We’ve seen significant weakness in the currency since the IMF decided to include the Yuan in its SDR basket. With that big hurdle cleared China returned to its policy of keeping the Yuan weak because the economy was slowing faster than they anticipated. Yuan depreciation is a policy tool and the intervention that we saw overnight is a familiar tactic that also used in August after they devalued the currency by 2%. They ordered state run banks to buy the Yuan to drive out speculators. In terms of motivation, China is weakening the Yuan for a number of reasons – growth is slowing and currency weakness is consistent with monetary easing. They are also losing market share to neighboring countries and this is an attempt to help Chinese firms become more competitive. Of course this leads to a variety of consequences, the most significant of which is an intensification of the currency war. Other emerging market nations will be forced to respond with their own actions. It will also lead to more outflows and reduce the odds of more near term tightening by the Fed.

Oil prices continue to fall, dropping as low as $32.10 a barrel intraday. This combined with the sharp contraction in manufacturing activity drove USD/CAD to a fresh 12 year high. The IVEY PMI index slipped to 49.9, the lowest level since April. Looking beneath the hood however the deterioration was driven entirely by inventories as employment, supplier delivery and prices increased. Although this makes the report less discouraging, as long as oil prices continue to fall, the path of least resistance for the loonie will be lower. The 1.4190 is the first level of resistance followed by the 2000 swing low of 1.4290.

AUD/USD traded below 70 cents intraday while NZD/USD extended its losses. Tonight will be another busy one for Australia with retail sales and construction PMI scheduled for release. China’s troubles have hit the country hard and the currency is paying the price. The New Zealand dollar followed lower but its losses were modest in comparison.

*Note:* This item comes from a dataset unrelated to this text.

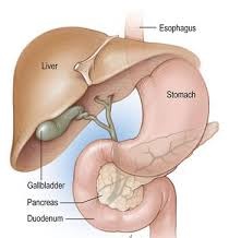 The gallbladder is a small little organ that is attached to the underside of the liver. It is usually about 7-10cm long. The gallbladder contains bile and sometime stones. It is connected to the bile duct that drains the bile into the intestines to help you digest fats.

Euro remains the most resilient of the bunch and one of the few major currencies to rise against the dollar and Yen. It rose 1% intraday to hit a high of 1.0909. Many investors may be surprised by the strength of the currency but money is flowing out of China and back into Europe. Euro has also been a funding currency of choice in recent months and the market meltdown has investors unwinding those positions. Eurozone data also continues to beat with Retail PMI and Confidence improving. The unemployment rate dropped to 10.5% from 10.6%, offsetting the larger decline in Eurozone retail sales in November. The upswing in the December retail PMI figures also offset the more dated retail sales report.

Finally Sterling fell to a fresh 5 year low versus the US. dollar despite higher house prices according Halifax but like the euro its losses were nominal because money is flowing back from China. UK trade numbers are scheduled for release tomorrow and given the drop in manufacturing activity, the trade deficit is likely to have widened in the month of November.